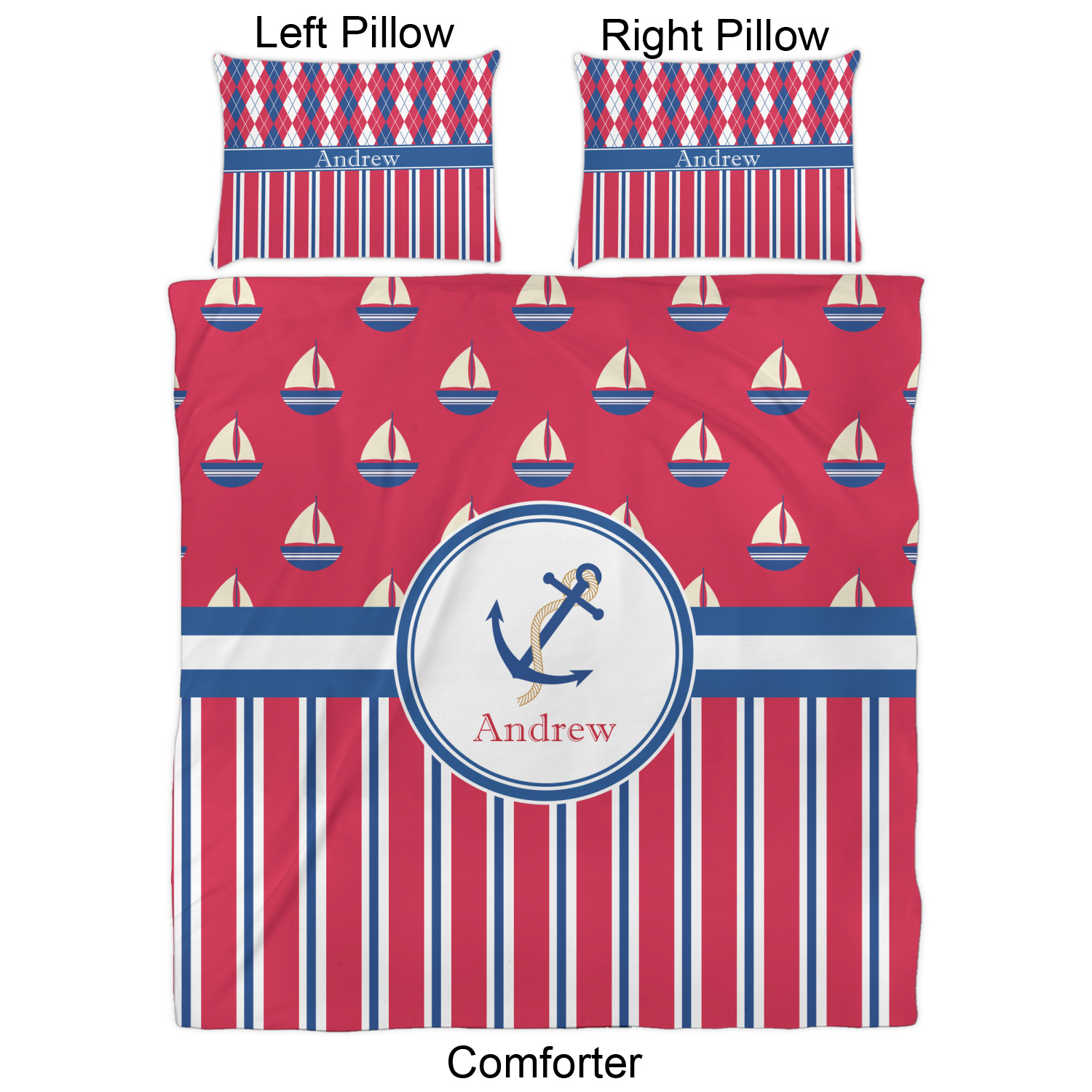 We have hundreds of different design templates for you to choose from Each design can be customized to your exact specifications. Not only can you customize the comforter, but you can also customize each pillow sham e.g. for a queen comforter set you have have Mr & Mrs pillow shams with the last name on comforter.
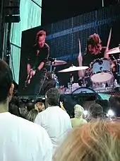 Once the initial portion of the tour began in early April 2009, Weinberg played from several songs to half the show on most of the dates.[10][14][17][18] He received a very positive reaction from both audiences and reviewers as a re-energizing "spark plug"[18] for the much-older band,[19] with his vigorous, long-hair-flying style inviting comparisons to Dave Grohl[20] and his potential for replacing his father drawing allusions to Wally Pipp.[9][17] He began playing complete shows in mid-May 2009 during the tour's American first leg, as his father went to California to prepare test runs for The Tonight Show start.[11][19] Modern Drummer magazine's editor said that a college freshman playing on one of the year's biggest rock tours is "certainly a unique story".[11] Weinberg played a number of dates early on in the European second leg of the tour, including at the Dutch Pinkpop festival in Landgraaf, Netherlands in addition to Bonnaroo in Manchester, Tennessee. He also played during a few dates of the American third and final leg. When not needed for the Springsteen tour, he continued to play for the Reveling, often before audiences that were three orders of magnitude smaller; he said of the difference, "I liked the duality of it all ... I like doing this just as much as I like doing that."[14]
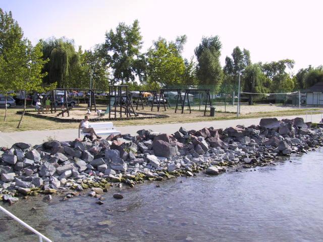 Campingplassen ligger like ned til vannet, og har alt hva du i prinsippet skal bruke på en ferie. Det er lekeplasser, svømmebasseng, aktivitetsområder, butikk, boder og best av alt en hel restaurantgate, hvor du for meget rimelige priser kan få slukke sulten etter magens helt individuelle ønsker. F.eks. koster en wienerschnitzel med poteter og saus omkring 35 kr. Som hovedrett bestiller vi gryterett, som en en en kraftig og fantastisk velsmakende gullasch. Desserten blir en liten beskjeden kaloriebombe ”gundel palacsinta”, som betår av tynne pannekaker flambert i Armagnac med varm sjokolade over. Det ungarske kjøkken har hentet sin inpirasjon over hele verden. Paprika er et av de viktigste ingredienser og de fås fra søte til ektremt ”hotte”. Maten tar både lang tid å tilberede, og spise for det er rikelig av den. Deilig.
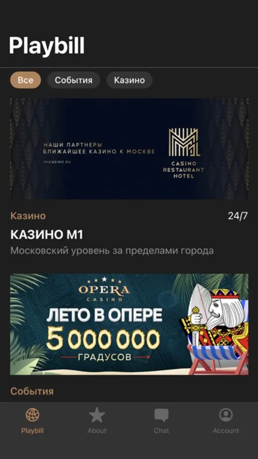 В разделе "Афиша" пользователь приложения первым узнает о всех предстоящих событиях и акциях - концертах, супериграх, розыгрышах с призами, турнирах и прочих увлекательных мероприятиях.
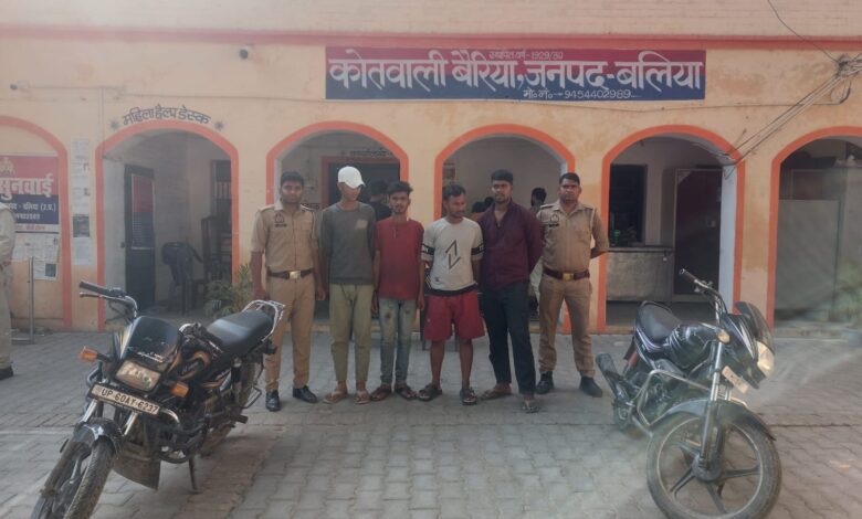 दयाछपरा(बलिया)। पुलिस ने कई स्थानों से चोरी किए गए दो मोटरसाइकिलों के साथ चार आरोपियों को दयाछपरा चिंतामणि राय के टोला मार्ग से शुक्रवार की देर शाम गिरफ्तार कर उनके पास से चोरी की दो हीरो स्प्लेंडर मोटरसाइकिल एक 315 बोर का तमंचा व एक जिंदा कारतूस बरामद करने में सफलता प्राप्त की है। प्रभारी निरीक्षक बैरिया राजेंद्र प्रताप सिंह ने बताया कि मुखबिर से सूचना मिली थी कि चार लोग दो चोरी की बाइक लेकर बलिया की तरफ से बैरिया आ रहे हैं। सूचना के बाद चौकी इंचार्ज बैरिया अजय कुमार, उप निरीक्षक प्रदीप कुमार व उप निरीक्षक नीरज वर्मा भारी पुलिस बल के साथ चारों आरोपियों की घेराबंदी करके हिरासत में ले लिया। पूछताछ करने पर आरोपियों ने स्वीकार किया कि दोनों मोटरसाइकिल हम लोग चोरी किये है।एक मोटरसाइकिल बांसडीह रोड थाना के छितौनी शिव मंदिर से और दूसरा हल्दी क्षेत्र से चोरी की गई है। उनकी तलाशी लेने पर एक आरोपी के कमर में 315 बोर का कट्टा और एक जिंदा कारतूस भी मिला। पुलिस ने इस मामले में चारों आरोपी को गिरफ्तार किया गया। गिरफ्तार आरोपियों में विक्की कुमार गुप्त निवासी कारनामेपुर जिला भोजपुर बिहार, विकास कुमार पुत्र किशुन यादव निवासी कारनामे पुर भोजपुर बिहार, अंतराज सिंह निवासी ईश्वरपुरा थाना कारनामेपुर बिहार व विकास कुमार यादव पुत्र नंद जी यादव निवासी कारनामेपुर भोजपुर बिहार शामिल है। पुलिस ने चारों आरोपियों को सुसंगत धाराओं में मुकदमा दर्ज करते हुए न्यायालय को सुपुर्द कर दिया है।

=-=-=-=-=

INSTRUCTIONS TO FOLLOW — Repeat exactly the lines above, from the line that contains "Campingplassen ligger like" down through the line that contains "прочих увлекательных мероприятиях.". Include both of those lines and none of the pictures.

SOLUTION TO THIS EXERCISE —
 Campingplassen ligger like ned til vannet, og har alt hva du i prinsippet skal bruke på en ferie. Det er lekeplasser, svømmebasseng, aktivitetsområder, butikk, boder og best av alt en hel restaurantgate, hvor du for meget rimelige priser kan få slukke sulten etter magens helt individuelle ønsker. F.eks. koster en wienerschnitzel med poteter og saus omkring 35 kr. Som hovedrett bestiller vi gryterett, som en en en kraftig og fantastisk velsmakende gullasch. Desserten blir en liten beskjeden kaloriebombe ”gundel palacsinta”, som betår av tynne pannekaker flambert i Armagnac med varm sjokolade over. Det ungarske kjøkken har hentet sin inpirasjon over hele verden. Paprika er et av de viktigste ingredienser og de fås fra søte til ektremt ”hotte”. Maten tar både lang tid å tilberede, og spise for det er rikelig av den. Deilig.
 В разделе "Афиша" пользователь приложения первым узнает о всех предстоящих событиях и акциях - концертах, супериграх, розыгрышах с призами, турнирах и прочих увлекательных мероприятиях.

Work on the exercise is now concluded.